His history with Putin is even more extensive. Most famously, during a 2018 press conference in Helsinki, Finland, Trump appeared to side with the Russian president over his own intelligence community regarding Russia’s interference in the 2016 U.S. election. “I have great confidence in my intelligence people, but I will tell you that President Putin was extremely strong and powerful in his denial today,” Trump said, adding that he didn’t “see any reason why” Russia would have interfered. He later claimed to have misspoken, but he has continued to cast doubt on the intelligence community’s findings, which were later backed up by a bipartisan Senate investigation.

Another politician might look at this record and concede they had misjudged their counterparts. But Trump has instead chosen to suggest that it was his predecessors, not him, who were the dupes.

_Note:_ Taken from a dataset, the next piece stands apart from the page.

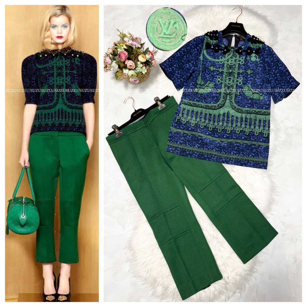 > 本物 美品 コレクションモデル ルイヴィトン スタッズ付 LV ナポレオンデザイン 上下 セットアップ パンツスーツ 34・38 LOUIS VUITTON

If you look closely, however, you can see a tacit acknowledgment of his own miscalculation. In his anecdote about the first lady, Trump casts himself as someone too focused on Putin’s pleasantries rather than his actions. It’s a subtle admission that his personal approach failed. The new policy, which threatens massive secondary sanctions and provides Ukraine with advanced weaponry, is itself the strongest evidence that the administration knows its previous strategy of relying on Putin’s goodwill was a failure.

The question now is whether this new, tougher stance will last. Trump has given Putin a 50-day window before the most severe economic punishments take effect, a significant runway for a leader who has proven adept at using negotiations to stall for time. The durability of this policy will depend on whether President Trump’s newfound conviction is a genuine strategic realignment or another temporary pivot in a presidency defined by its volatility. For a leader now trying to erase his own history of trust in an adversary, proving he won’t be fooled again will be the ultimate test.